#### [WORK INSTRUCTION]
With images excluded, write out each entry below exactly as given.

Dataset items
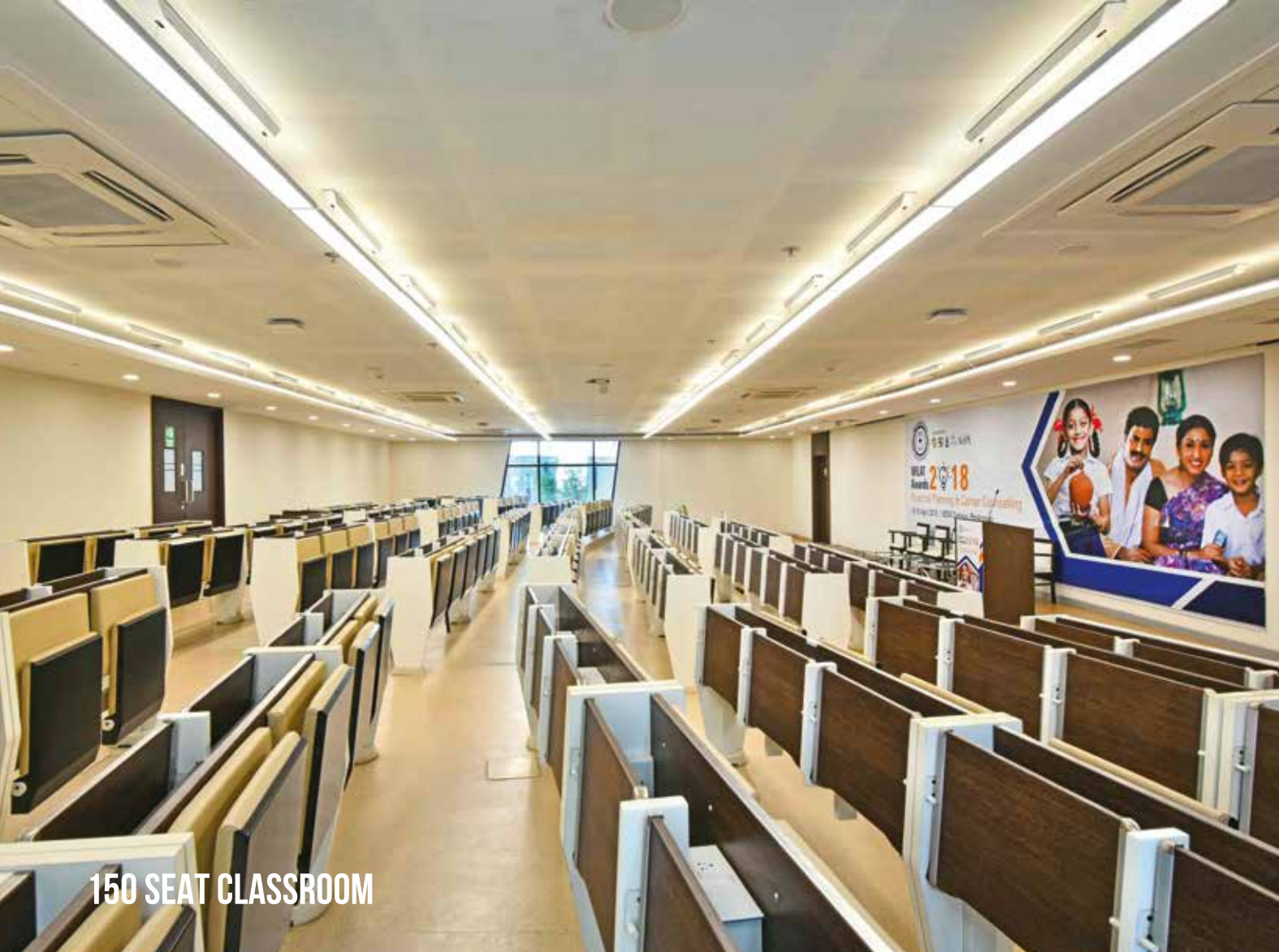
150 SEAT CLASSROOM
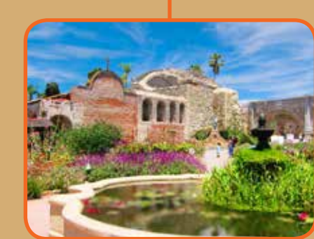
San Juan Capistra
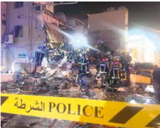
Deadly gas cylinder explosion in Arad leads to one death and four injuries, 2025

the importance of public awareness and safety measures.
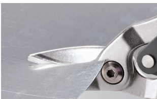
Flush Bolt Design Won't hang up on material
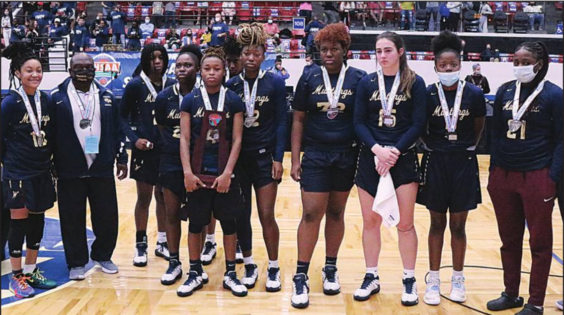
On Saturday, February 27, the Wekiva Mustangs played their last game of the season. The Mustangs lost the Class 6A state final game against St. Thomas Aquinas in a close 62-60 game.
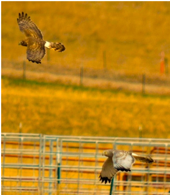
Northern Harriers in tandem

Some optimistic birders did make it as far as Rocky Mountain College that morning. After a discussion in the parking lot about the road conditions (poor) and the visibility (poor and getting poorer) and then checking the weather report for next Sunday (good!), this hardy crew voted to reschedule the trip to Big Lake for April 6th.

#### [SOLUTION TO THIS PROBLEM]
150 SEAT CLASSROOM
San Juan Capistra
Deadly gas cylinder explosion in Arad leads to one death and four injuries, 2025

the importance of public awareness and safety measures.
Flush Bolt Design Won't hang up on material
On Saturday, February 27, the Wekiva Mustangs played their last game of the season. The Mustangs lost the Class 6A state final game against St. Thomas Aquinas in a close 62-60 game.
Northern Harriers in tandem

Some optimistic birders did make it as far as Rocky Mountain College that morning. After a discussion in the parking lot about the road conditions (poor) and the visibility (poor and getting poorer) and then checking the weather report for next Sunday (good!), this hardy crew voted to reschedule the trip to Big Lake for April 6th.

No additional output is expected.